Собирая осколки прошедшего вечера, Алёнка вскинулась с кровати и распахнула дверь в гостиную, где ночевал отец. Но встретила её пустота, и лишь неряшливый беспорядок подсказывал, что ничего не приснилось, всё действительно было. Отца только не было — снова исчез, растворился, видимо, в дымке призрачной своей свободы.

На журнальном столике Алёнка приметила объёмный камень. Включив торшер, рассмотрела — жёлтый, ноздреватый, красивый.

Под камнем лежала чуть примятая записка:

«Алёнка, прости. Но… я не могу. Вчера думал, что всё получится, что вернусь, посмотрю на тебя, и тут же всё наладится, как-то обернётся правильным. Но потом понял, что нет, так это не работает — уж слишком ты похожа на мать. Понимаешь, если всю жизнь теперь видеть тебя перед глазами, то постоянно в голове будет вертеться: там, двадцать семь лет назад, ты сделал ошибку, самую крупную ошибку в жизни. Это… очень больно, не по мне. Поэтому — прости.

P. S. Но я не прощаюсь, ещё когда-нибудь свидимся. А ты живи, как хочешь. Как можешь.

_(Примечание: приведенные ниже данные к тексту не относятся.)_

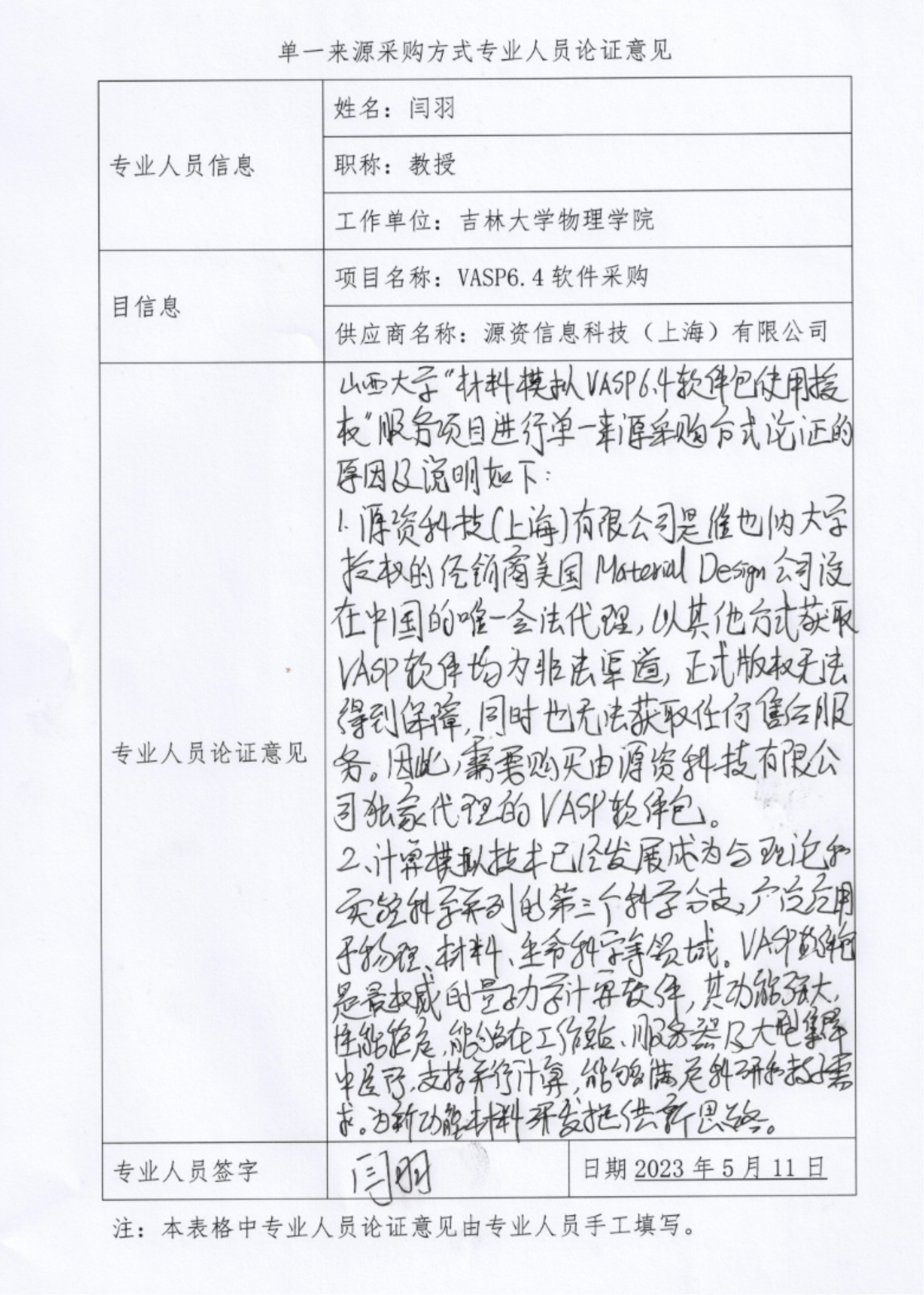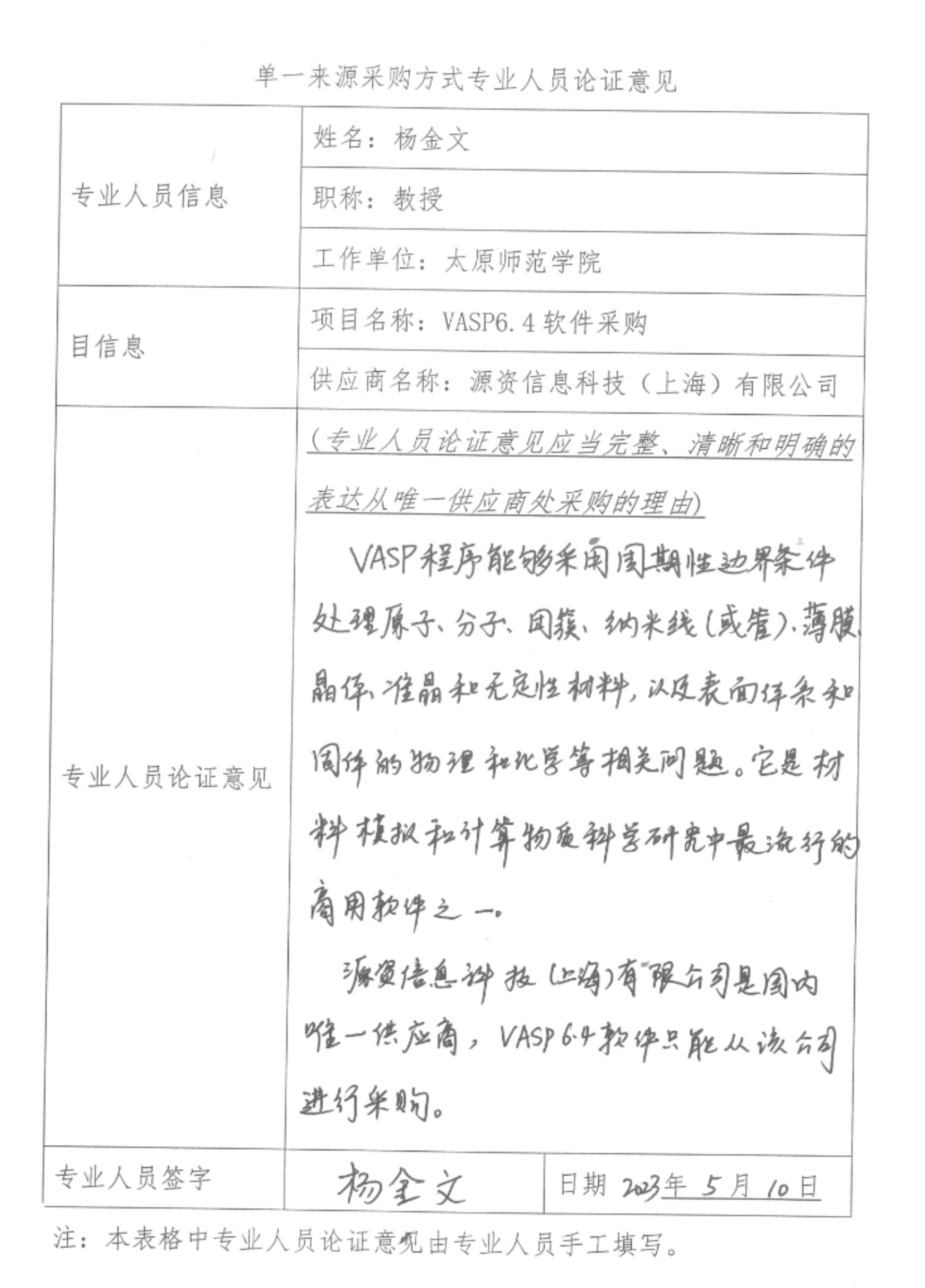 目前,源资信息科技(上海)有限公司为VASP软件在中国地区的软件及售后服务提供商(中国地区授权一家,可提供正规授权函)。因此,申请此项目以单一来源方式采购。

P. P. S. Оставляю тебе камушек, его мой дед давным-давно нашёл в Якутии. Чистейшее золото, самородок, такие сейчас найти сложно. Ниже я написал телефон человечка, это мой друг, если вдруг в жизни тяжко придётся, так ты ему позвони, он цену назначит верную, не обманет. Тебе надолго вырученных денег хватит…

Целую, обнимаю, папа!».

И, не замечая прыснувшие из глаз слёзы, Алёнка схватила вмиг ставший ненавистным камень, швырнула его в настенное зеркало. Осколки брызнули, оседая на пол золотой пылью, ненавистной пылью, покрывающей всю её никчёмную жизнь.